September 03, 2012
Credit: MORRIS TECHNOLOGIES
Michael Mecham
Cobalt chromium gets the credit. “The material built well, with a nearly 100% dense part, no cracking and it held tolerances,” says Greg Morris. “That really was the spark that got things moving. Our customers found they had an alloy they could work with in the real world.”
Morris is CEO of the family-owned Morris Technologies Inc. (MTI) in Cincinnati, which got started using stereo lithography to prototype plastic parts in 1994. The company expanded into computer numerical control machining. But its transition into producing solid metal parts for prototypes began in 2003 when it imported the German-made EOS M-250 extended direct metal laser sintering (DMLS) machine.
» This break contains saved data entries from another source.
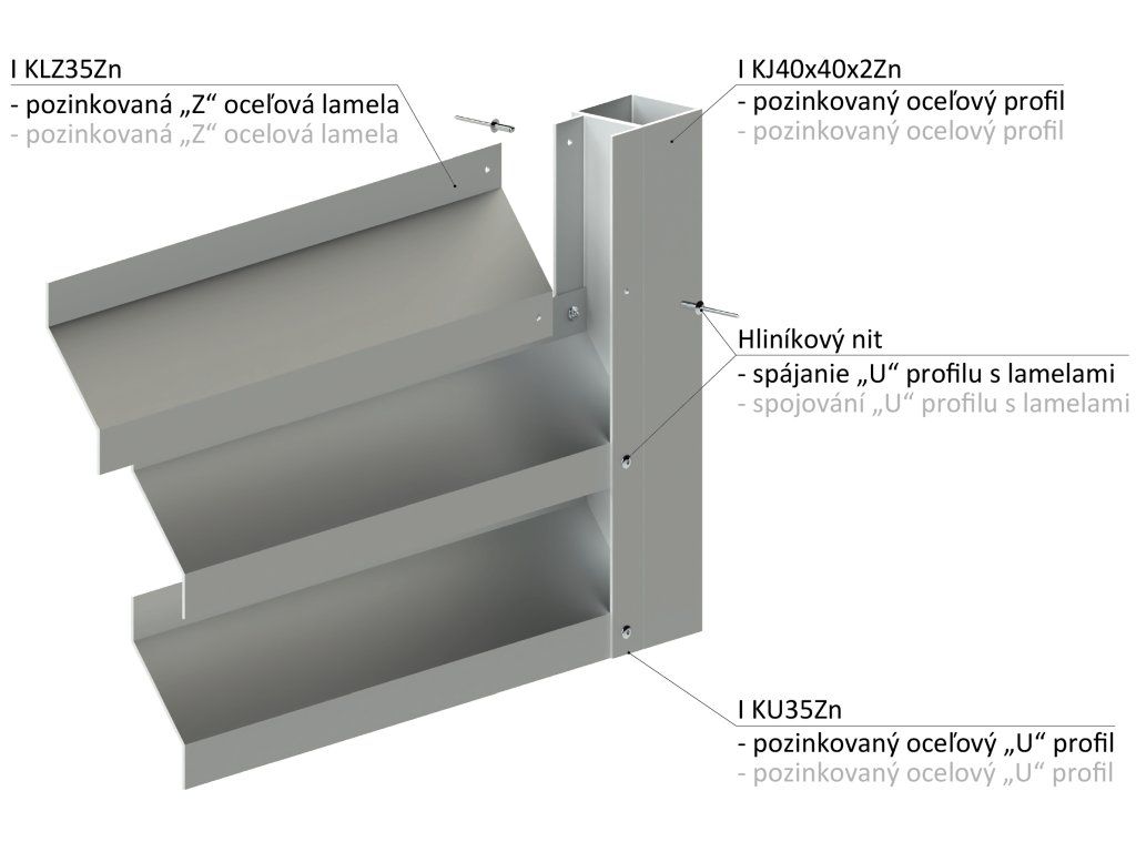 Z-profil-lamela L-2000mm, 20x40x20x1,5mm, zinkovaný plech, použitie pre plotovú výplň v kombinácii s KU35Zn a profilom 35mm,40mm alebo špeciálom KJL70x34x55x2, cena za 2 m kus
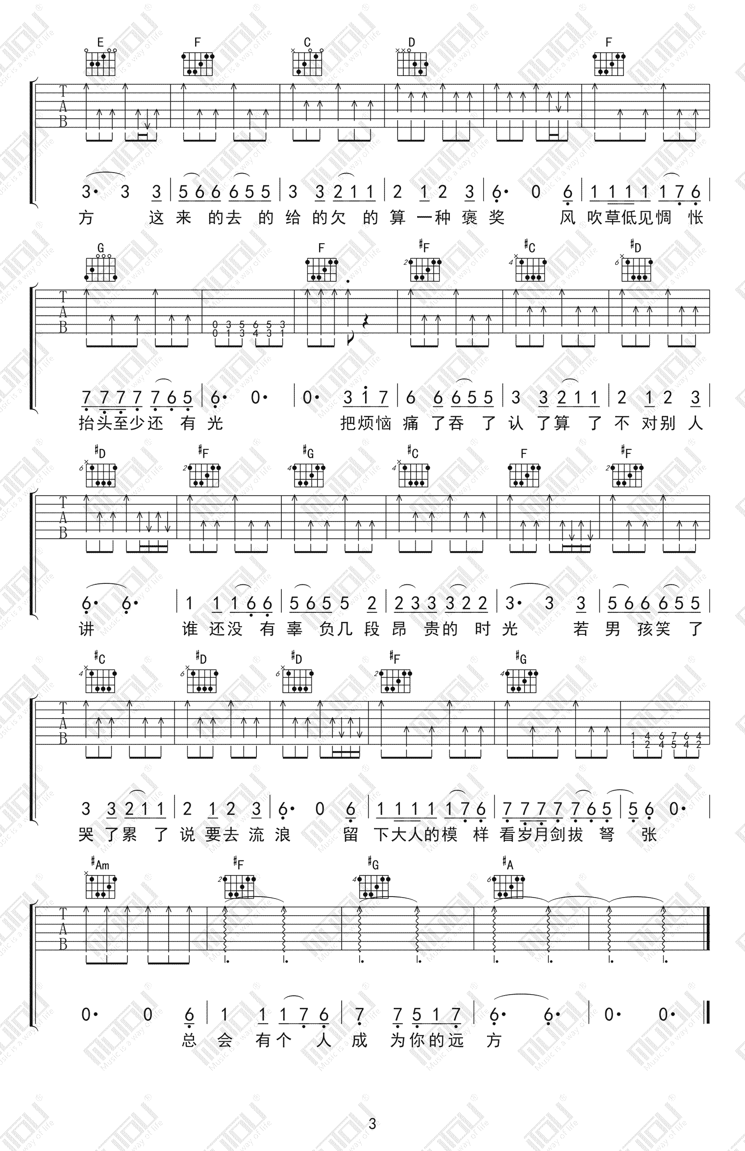 曲谱介绍: 毛不易《牧马城市》吉他弹唱谱,采用C调指法编配,共有3张高清图谱。
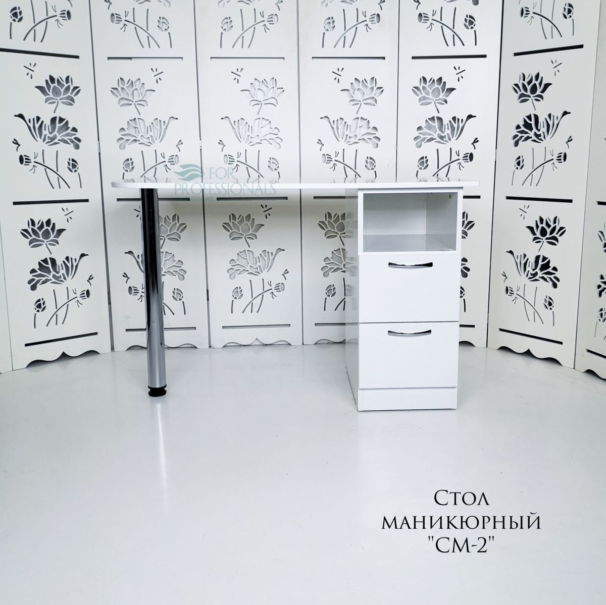 Удобный маникюрный столик с двумя выкатными ящиками, открытой полочкой и столешницей на тонкой ножке.
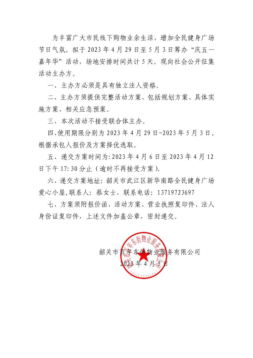 新華南路全民健身廣場2023年4月29日-5月3日“五一”活動發(fā)包公告
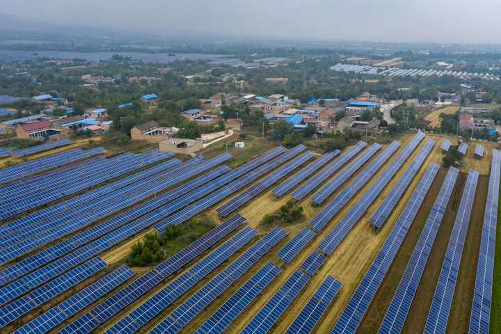 2025年6月25日在山西省运城市芮城县夭上村拍摄的光伏基地(无人机照片)。(新华社记者 杨晨光/摄)

The U.S. is now the leader in additive manufacturing, which includes DMLS and uses 3D modeling software to build up a part in thin, horizontal cross sections, one layer at a time. This “additive” process makes the part without waste and offers the opportunity to produce complex geometries in a single piece. An equivalent casting might require 7-10 separate parts, says Morris. It also will be heavier.
“In aerospace, there are some complex geometries that cannot be made with an investment casting,” he says. DMLS has limits; it is not yet applied to high-temperature applications, he notes. But it is used in combustion-chamber parts, blades, blisks, tubing and stators.
Aerospace is among the most aggressive users of the process and provides the bulk of MTI's revenue, which is centered in aircraft engines but also includes industrial gas turbines, medical devices and rapid prototyping for research institutions.
“In the early years, the alloys were not super-robust,” Morris recalls. “They couldn't hold high temperatures and had stress issues.” But within two years of acquiring its first machine, MTI had moved up to a more advanced version and was working with cobalt chromium alloys. Applications using other alloys—titanium, stainless steel and aluminum—soon followed.